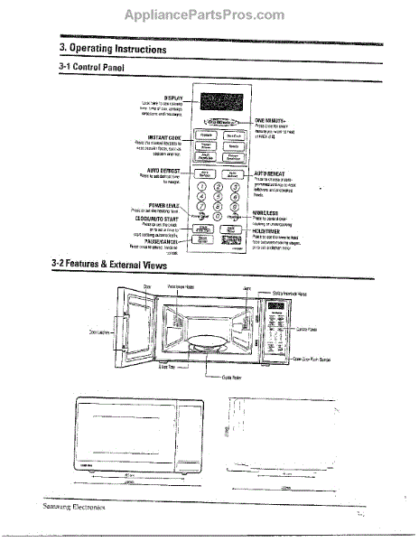 Parts for Samsung MW5580W/XAA: Oven Operating / Control Panel / Views Parts
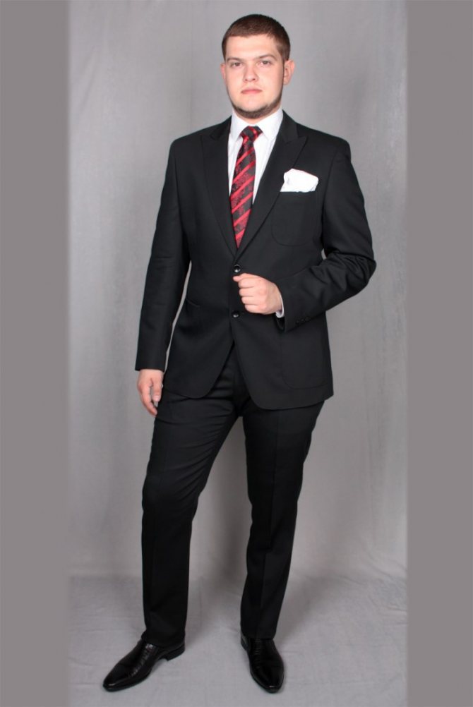 - Английский. Это наиболее строгий классический стиль. Пиджак приталенный, акцент делается на линии плеч. Модель имеет две шлицы на спинке. Брюки прямые, не слишком широкие. Этот вариант элегантен, он является лучшим для любого торжественного мероприятия. Но английский костюм имеет существенный недостаток, он отлично смотрится на стройных и высоких парнях и категорически не подходит полноватым мужчинам.
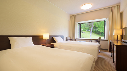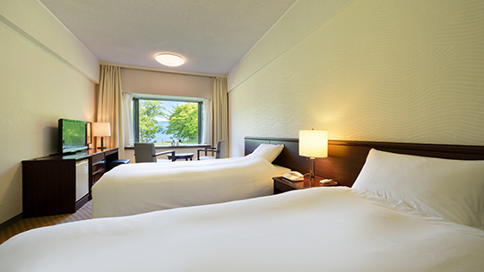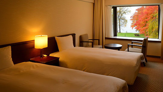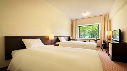 湖畔の景色をお楽しみいただける東側に面したお部屋です。ゆとりある空間で、やすらぎのひとときをお過ごしいただけます。全室禁煙となります。
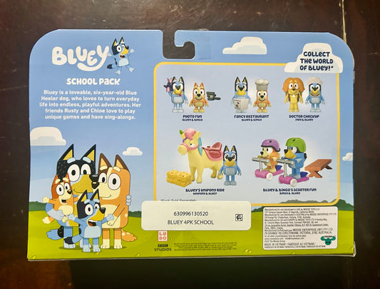 Bluey School 4-Pack Figure Set, Calypso, Bluey, Chloe, Rusty 13052
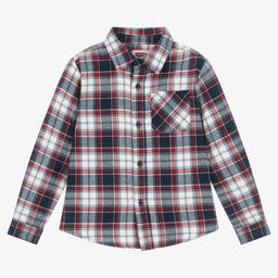 A smart-casual blue check shirt for teen boys by Levi's, featuring a blue and white check pattern. Detailed with the iconic Red Tab on the chest pocket, it includes a pointed collar and ivory button fastenings on the front and cuffs. Made from a soft and lightweight cotton-blended weave, it's comfortable and perfect for everyday wear. Limited quantities available, so it's your last chance to buy this stylish shirt.
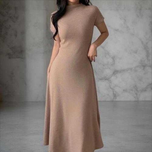 [다잇템][다잇템] 여성 반소매 패션 후레아 모크넥 FW 들러리 슬림핏 롱드레스_23740511_588872
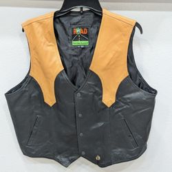 Road #1 Collections Men's Black & Mango Leather Motorcycle Vest Western Style Size 2XL$40Carmichael, CA
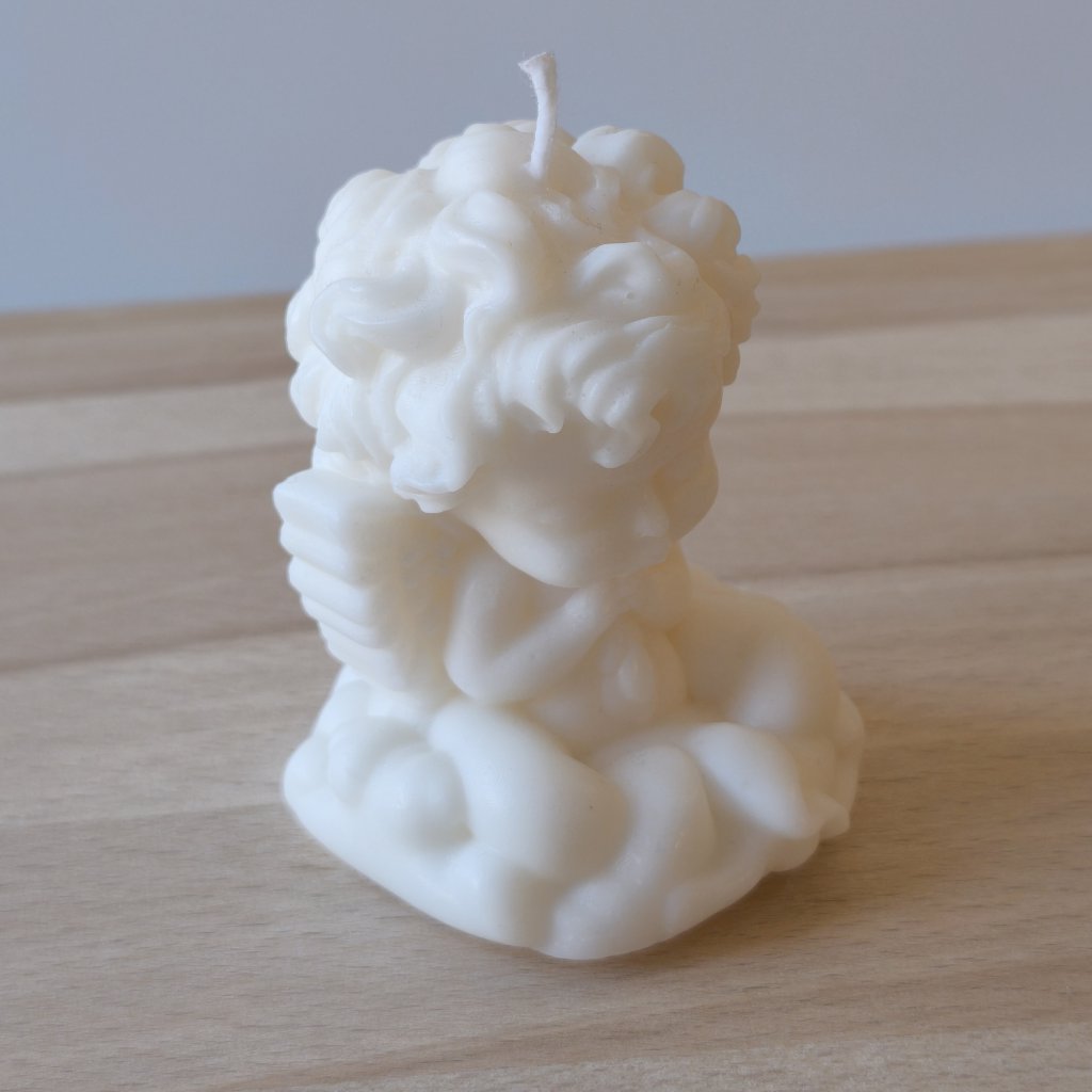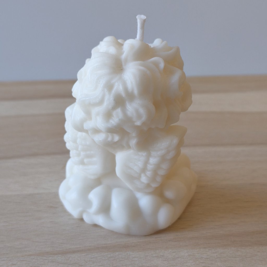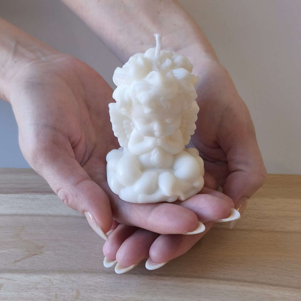 Jemná figurální svíčka s motivem modlícího se andělíčka, která působí klidně a harmonicky. Hodí se jako tichá vzpomínka, osobní dárek nebo dekorace, která vnese do prostoru pocit pohody.
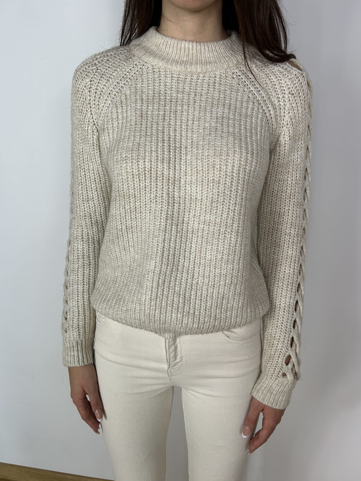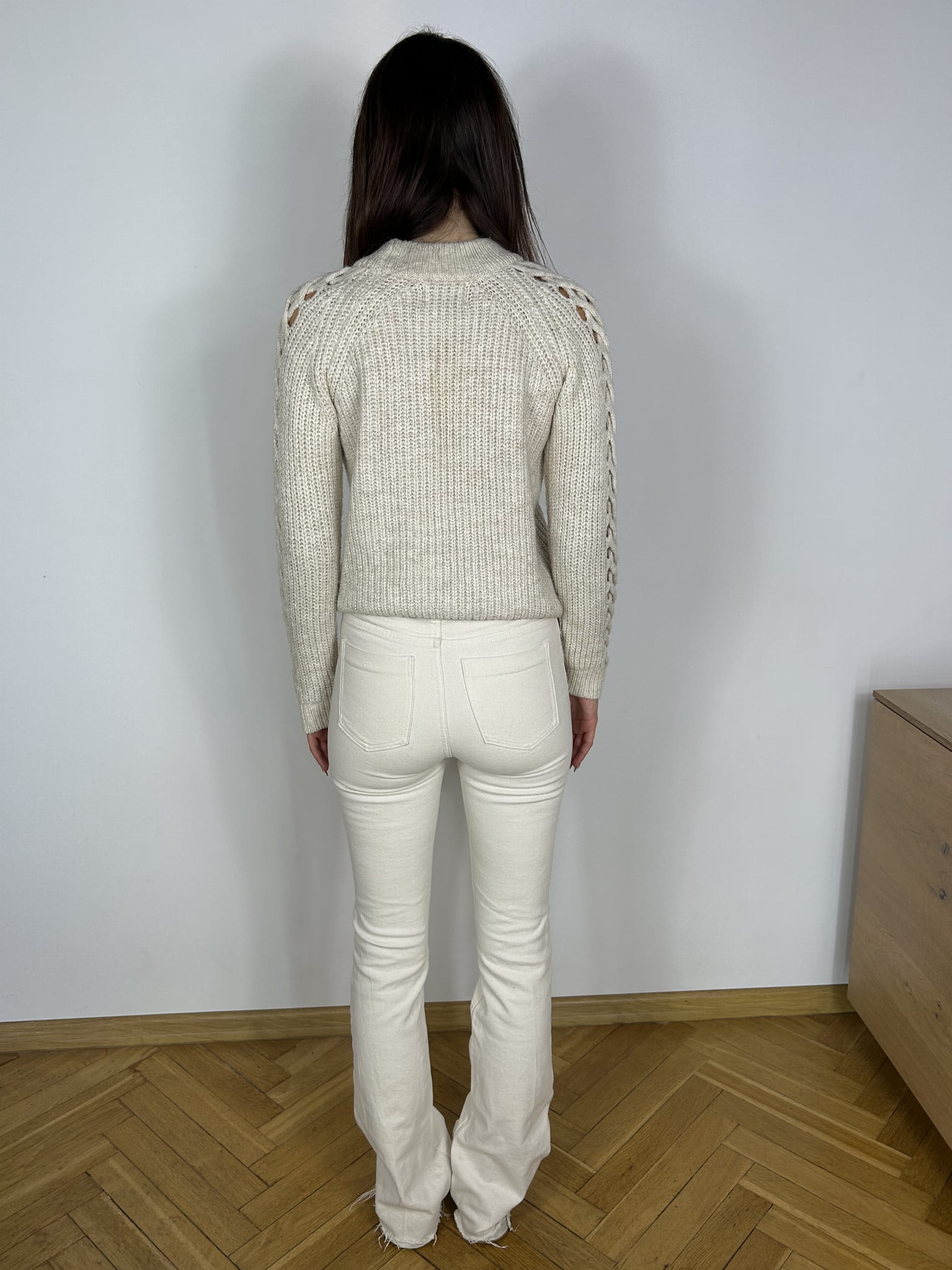 Sweter kremowy Papaya rozmiar S. Na rękawach efektowny ażur. Materiał w składzie 72% akryl, 9% poliester, 12% poliamid. Wymiary długość 57 cm, biust 49 cm. Stan idealny.
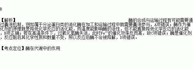 B、酶能降低化学反应的活化能,而温度不能降低化学反应的活化能

================================

**EXERCISE:**
Output only the lines running from the top of the data above to the line with "- Английский. Это", inclusive, word for word and without pictures.

**RESULT BELOW:**
 Parts for Samsung MW5580W/XAA: Oven Operating / Control Panel / Views Parts
 - Английский. Это наиболее строгий классический стиль. Пиджак приталенный, акцент делается на линии плеч. Модель имеет две шлицы на спинке. Брюки прямые, не слишком широкие. Этот вариант элегантен, он является лучшим для любого торжественного мероприятия. Но английский костюм имеет существенный недостаток, он отлично смотрится на стройных и высоких парнях и категорически не подходит полноватым мужчинам.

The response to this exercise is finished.